Луций-старший вздохнул, отвернулся в сторону и не сразу отвечал:
– Худшее позади. Главное, что ты жива, и медики говорят, что скоро поправишься…
– Я потеряла ребенка? – спросила Корнелия, и слезы блеснули в ее глазах.
– Не волнуйся, дочка. Ты еще подаришь мне внука. У вас с Луцием будет много детей.
– Мой отец… – всхлипнула Корнелия, к которой начала возвращаться память. – Как они могли так поступить с ним?
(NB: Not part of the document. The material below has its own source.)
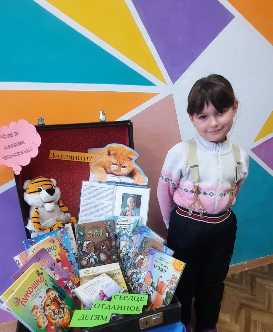 Выставка-инсталляция «Что в нашем чемодане? Загляните!» поместились книги известного дальневосточного писателя Николая Дмитриевича Наволочкина. Забавные истории о коте Егоре и Полуднице Акуле ждут вас в гости! Удивительно весёлые, добрые и увлекательные повести Н.Д. Наволочкина с первой страницы покорят своим обаянием и станут одними из любимых произведений детства. (А.А. Морозова, зав. Константиновской библиотекой)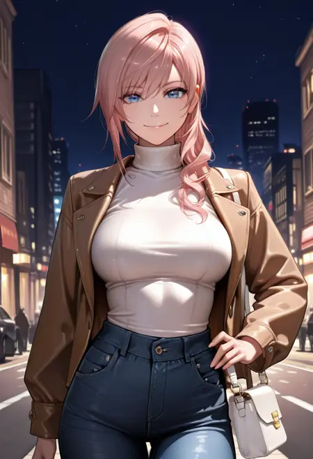 "LGHTFARN、ピンクの髪、非対称な髪、肩までの髪、青い目、ノースリーブジャケット、タートルネック、肩甲板、茶色のスカート、非対称な袖、片方の黒い袖、アームレット、フィンガーレスグローブ、太ももポーチ"

Ярость блеснула в глазах Луция-старшего, и он заговорил отрывисто, сдерживая нарастающий гнев:
– За свободу и награду эти жалкие ублюдки продали своего хозяина Лепиду! Они все поплатятся. Я тебе обещаю. Квинт не заслуживал такой смерти. Его убили во сне… Хорошо хоть, что он, скорее всего, ничего не почувствовал… Но есть и добрые вести. Пожар потушили, большая часть ценностей спасена, не расхищена. Вот немного окрепнешь, и мы с тобой отправимся в путь.
– Я скоро увижу Луция? – оживилась Корнелия, и румянец зарделся на ее бледном лице.
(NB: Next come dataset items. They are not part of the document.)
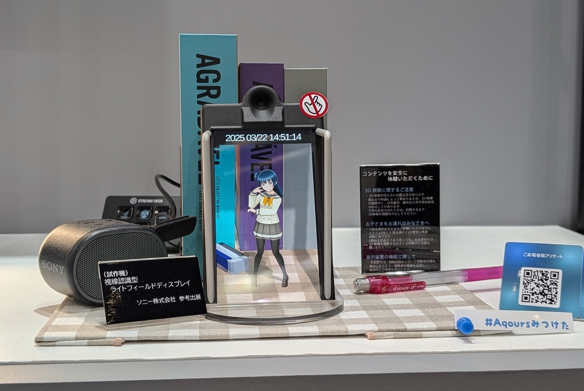На выставке AnimeJapan 2025 XR-студия Gugenka (XR — «расширенная реальность») показала цифровые фигурки «голомоделей», включая героинь Love Live! Sunshine, «Меланхолии Харухи Судзумии» и др. «Голо-» — в смысле голографических. Увидеть их можно на смартфонах с поддержкой AR, «дополненной реальности», так и в VR-шлемах вроде Quest. Самым эффектным экспонатом стал предоставленный Sony прототип небольшого дисплея «пространственной реальности» (spatial reality). Sony давно экспериментирует с дисплеями, которые отслеживают движения глаз зрителя и показывают стереоскопическое изображение без всяких шлемов и очков, — вполне подходящая технология для виртуальных 3D-фигурок. Относительно крупные экраны ELF-SR1 и SR2 стоят до 5000 долларов США, «голомоделей» показали на новом дисплее размером примерно со смартфон. Опытный образец посетителей впечатлил. А так персонажи пока в основном живут в смартфонах, компания ими активно торгует. Презентацию подкрепили выступлением сэйю Андзю Инами и Рикако Ай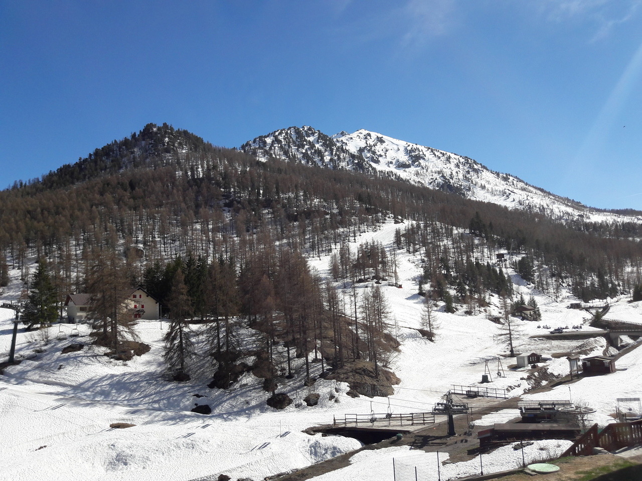 Domaine skiable franco-italien de la Voie Lactée*, côté Massif du Queyras : au premier plan, Clavières (Claviere en italien), et au second, Montgenèvre, la frontière traversant le paysage approximativement au milieu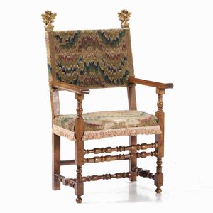 Seggiolone in noce tornito a rocchetto. Italia centrale XVII secolo

– Скоро, дочка, скоро… – задумчиво проговорил Луций-старший.
Накануне в сенате был оглашен новый список проскрипций, и хотя себя он в нем не увидел, Луций Кассий решил не дожидаться того времени, когда загребущие руки Марка Лепида дотянутся и до его имущества.
Лаодикея. Сирия.
Ветер потянул с моря, развевая пурпурный плащ с золотым окаймлением подобно знамени бога войны Марса, скачущего верхом на вороном коне по улицам опустевшего города. Всадник бойко спешился у подножия холма, на котором за мощными крепостными стенами высился дворец, наследие ушедшей в прошлое эпохи Селевкидов. И солдаты, дежурившие у ворот, за которыми открывался дворцовый сад, приветствовали легата IV Сирийского легиона Луция Кассия Лонгина. Юноша, передав поводья своему оруженосцу, нырнул в сад, поднимаясь по широкой каменной лестнице. Цветы в саду пленяли взор и источали одурманивающий аромат, от которого у Луция с непривычки едва не закружилась голова. Он замедлил шаг, любуясь цветами и вдыхая пряные запахи. Но вот впереди показались люди, и он продолжил свой путь. Странная процессия привлекла внимание римлянина. Седовласый старичок, опираясь на посох, шел впереди, позади него тянулась вереницею многочисленная свита. По аккуратно подстриженным бородам и шапочкам, венчающим головы, Луций признал в них иудеев. И, вспомнив об обряде обрезания, усмехнулся, но внезапно с ним поравнялся человек, который глянул на него с высоты своего исполинского роста так, что римлянин тотчас изменился в лице и ускорил шаг.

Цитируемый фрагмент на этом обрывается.